■ **Required action**
Reproduce exactly the lines of this material that begin at the line with "Découvrez les premières" and end at the line with "Crafted from engraved", both included. Omit the pictures and everything else.

■ **Data supplied**
******
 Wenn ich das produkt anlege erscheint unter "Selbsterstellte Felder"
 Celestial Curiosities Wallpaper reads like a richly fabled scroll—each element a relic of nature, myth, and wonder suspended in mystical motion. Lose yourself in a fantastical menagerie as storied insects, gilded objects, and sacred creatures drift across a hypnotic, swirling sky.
******
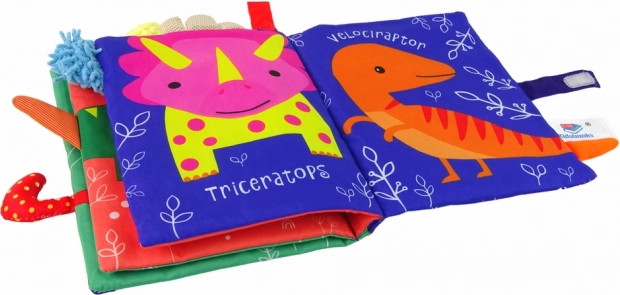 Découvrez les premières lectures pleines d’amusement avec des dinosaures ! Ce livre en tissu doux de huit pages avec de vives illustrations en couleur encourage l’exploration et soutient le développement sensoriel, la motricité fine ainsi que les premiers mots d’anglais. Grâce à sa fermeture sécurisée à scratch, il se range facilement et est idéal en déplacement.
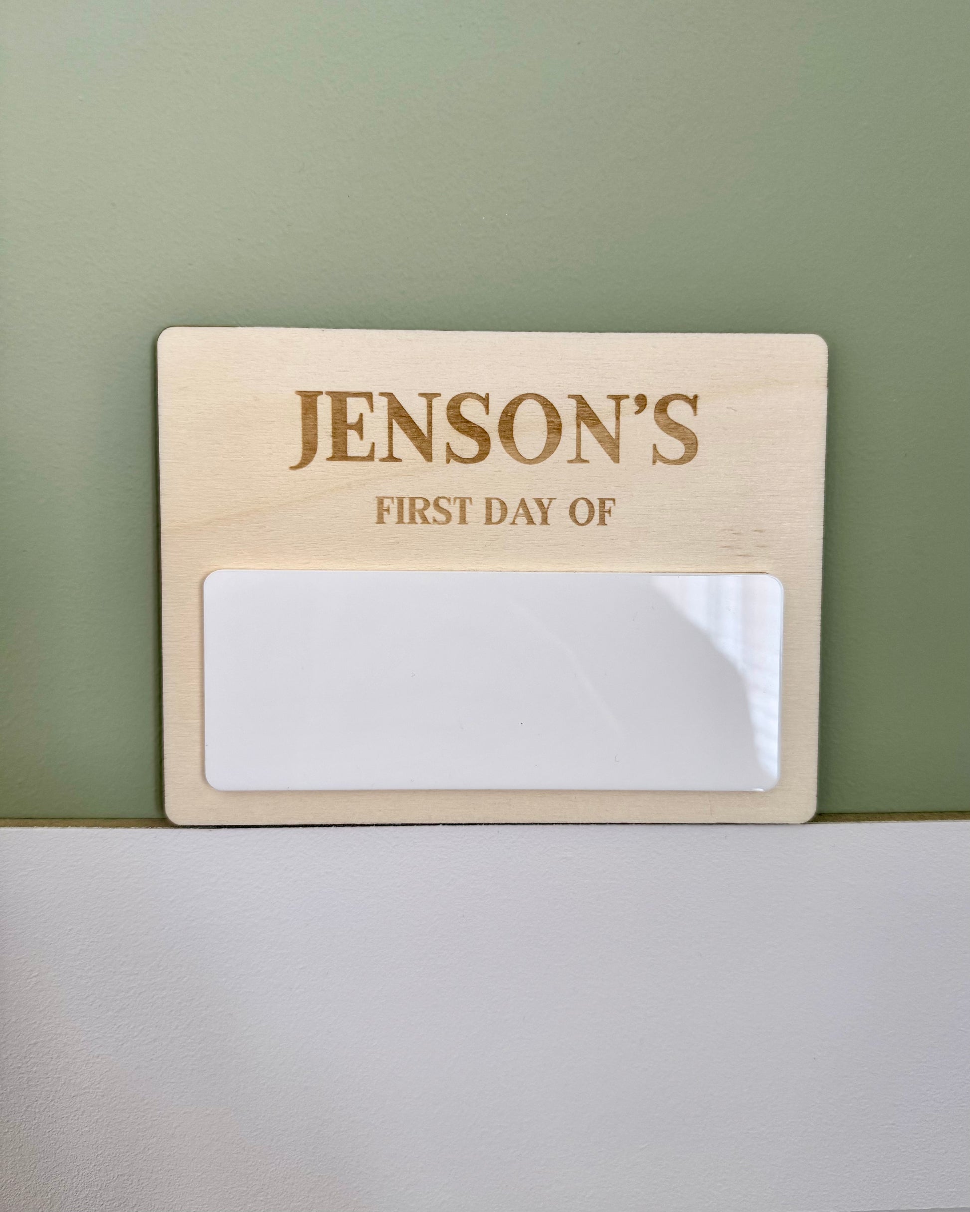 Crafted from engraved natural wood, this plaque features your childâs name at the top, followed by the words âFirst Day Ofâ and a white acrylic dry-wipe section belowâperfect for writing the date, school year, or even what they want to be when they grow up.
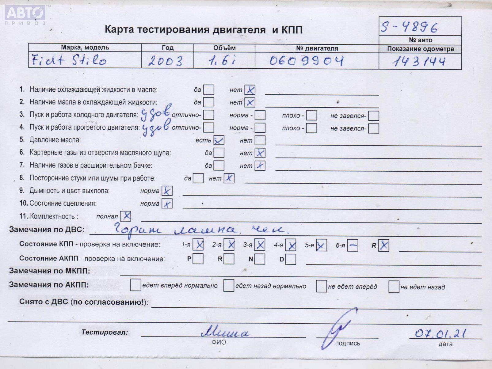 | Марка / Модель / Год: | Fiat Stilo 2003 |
******
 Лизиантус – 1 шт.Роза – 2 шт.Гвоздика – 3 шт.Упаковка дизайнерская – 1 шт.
******
■ **Output of the task**
 Découvrez les premières lectures pleines d’amusement avec des dinosaures ! Ce livre en tissu doux de huit pages avec de vives illustrations en couleur encourage l’exploration et soutient le développement sensoriel, la motricité fine ainsi que les premiers mots d’anglais. Grâce à sa fermeture sécurisée à scratch, il se range facilement et est idéal en déplacement.
 Crafted from engraved natural wood, this plaque features your childâs name at the top, followed by the words âFirst Day Ofâ and a white acrylic dry-wipe section belowâperfect for writing the date, school year, or even what they want to be when they grow up.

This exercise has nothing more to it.